5. Related Party and Connected Transactions

  • Continuing Connected Transactions: The Company renewed its Framework Property Management and Cleaning Services Agreement with Muhe Jiaye, a connected party, with a transaction cap of RMB15.0 million for 2025 and an actual transaction amount of RMB9.7 million. The Company noted a procedural delay in announcement publication but has since enhanced internal controls to prevent recurrence.
  • VIE Structures: The Company continues to utilize VIE (Variable Interest Entity) structures for certain hospital operations in China, with related parties including family members of controlling shareholder Mr. Zhou.
  • No Material Subsequent Events: No significant events occurred after December 31, 2025 up to the report approval date that would impact the Group’s financial statements.

6. Financial Risk Management and Internal Controls

  • Credit Risk: The Group’s credit risk exposure remains low, with most deposits held at reputable domestic banks. The expected credit loss model is applied to assess risks on trade and related party receivables.
  • Market and Interest Rate Risks: The Group is minimally exposed to foreign exchange and interest rate risks, with most transactions in RMB and limited interest-bearing assets.
  • Capital Management: The Group manages its capital structure via a liability-to-asset ratio, which increased to 52.51% in 2025, mainly due to the loss incurred.
  • Internal Controls: The Board, via the Audit Committee, annually reviews internal controls and risk management systems. The Company also maintains anti-corruption and anti-fraud policies, including whistleblower protections.

7. Audit Opinion and Governance

  • Auditor’s Opinion: PricewaterhouseCoopers issued an unqualified (“clean”) audit opinion, confirming that the financial statements give a true and fair view of the Group’s performance and were prepared in accordance with HKFRS.
  • Audit and Non-Audit Fees: RMB3.84 million was paid for audit services, with an additional RMB326,000 for non-audit services, mainly tax advisory.

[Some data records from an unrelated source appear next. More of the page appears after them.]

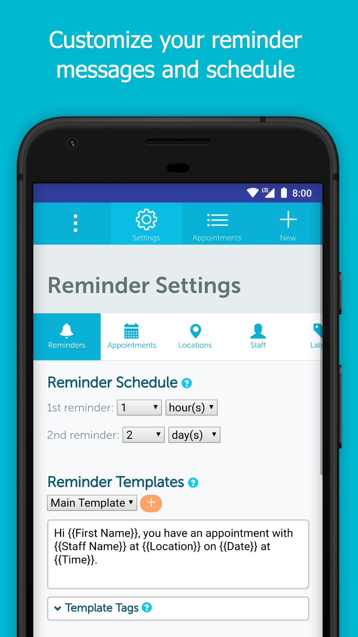 + Plantilla y calendario de mensajes de recordatorio personalizables: ¡configúrelos y olvídese!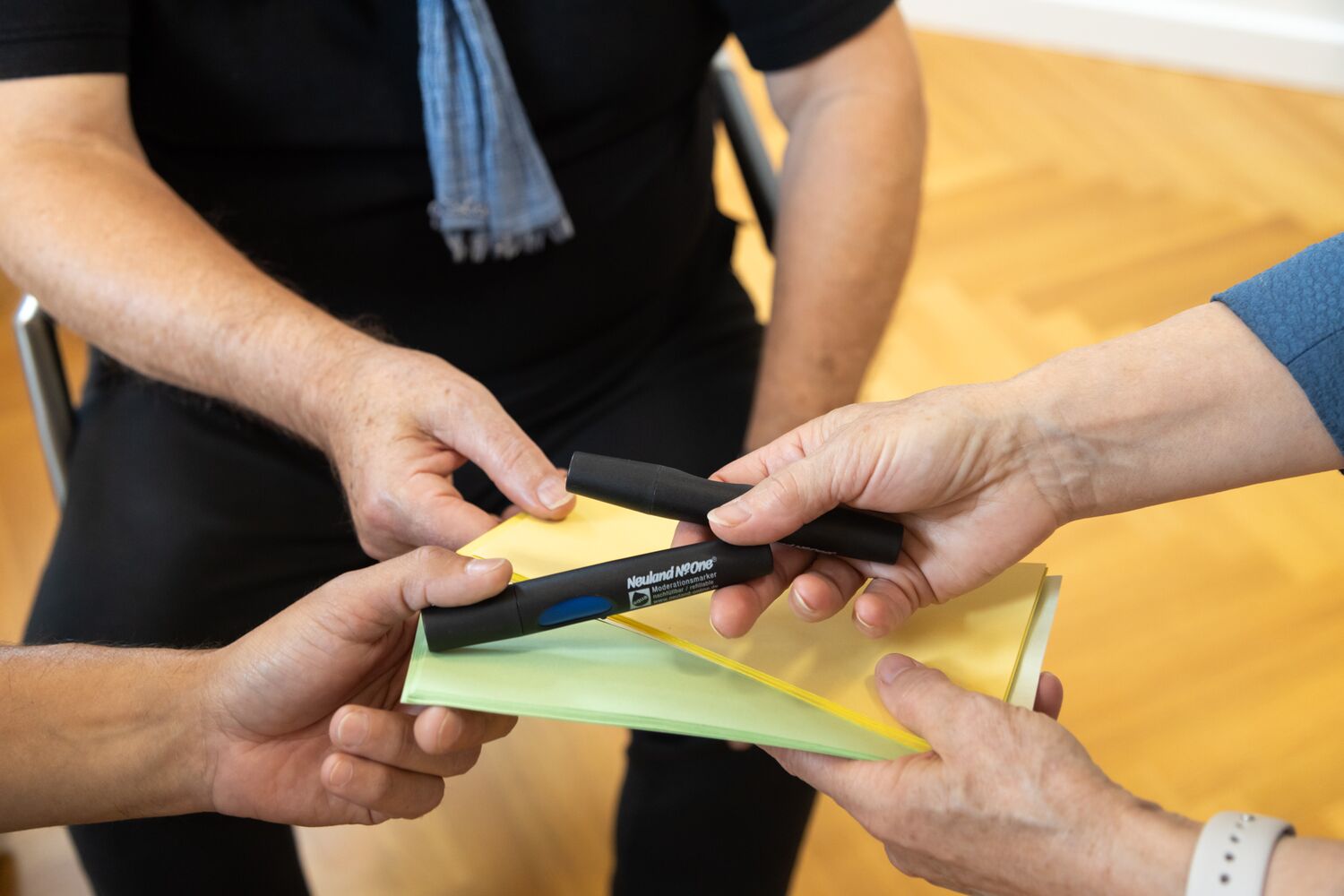 - Emotionale Deeskalation durch das "Sag's mir"-Prinzip: Hierbei ermutige ich die Parteien, ihre Emotionen und Gedanken direkt an mich zu richten, wodurch eine emotionale Eskalation zwischen den Konfliktparteien vermieden wird.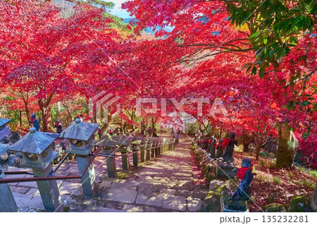 関東・紅葉の大山詣り・大山寺の名所、階段の真っ赤なもみじトンネルのイメージ・神奈川県伊勢原市(2)

Key Price-Sensitive Developments

  • Significant Swing to Net Loss: The shift from profit to a substantial net loss is likely to weigh on the Company’s valuation and could prompt a negative share price reaction.
  • Dividend Suspension: The absence of a final dividend for 2025 may be viewed negatively by income-focused investors.
  • No Borrowings / Conservative Capital Position: The debt-free status may be seen as prudent but could also suggest limited growth or expansion.
  • Governance and Internal Control Enhancements: The Company responded to internal control weaknesses around timely disclosures of connected transactions, which is a positive for long-term governance, but investors should monitor for future compliance.

Conclusion

The 2025 Annual Report of New Century Healthcare highlights a challenging year, with a swing to a substantial net loss, suspension of the final dividend, and a higher liability-to-asset ratio. While the Group maintains a strong balance sheet with no debt and continues to invest in governance and internal controls, the operational challenges and lack of expansion plans signal a cautious outlook. Shareholders should closely monitor future quarterly results and management’s response to these pressures, as these factors are likely to drive share price performance in the near term.


Disclaimer: This article is for informational purposes only and does not constitute investment advice or a recommendation to buy or sell any securities. Investors should conduct their own research or consult a financial advisor before making investment decisions. The information and analysis provided are based on the Company’s 2025 Annual Report and may be subject to change or updates without notice.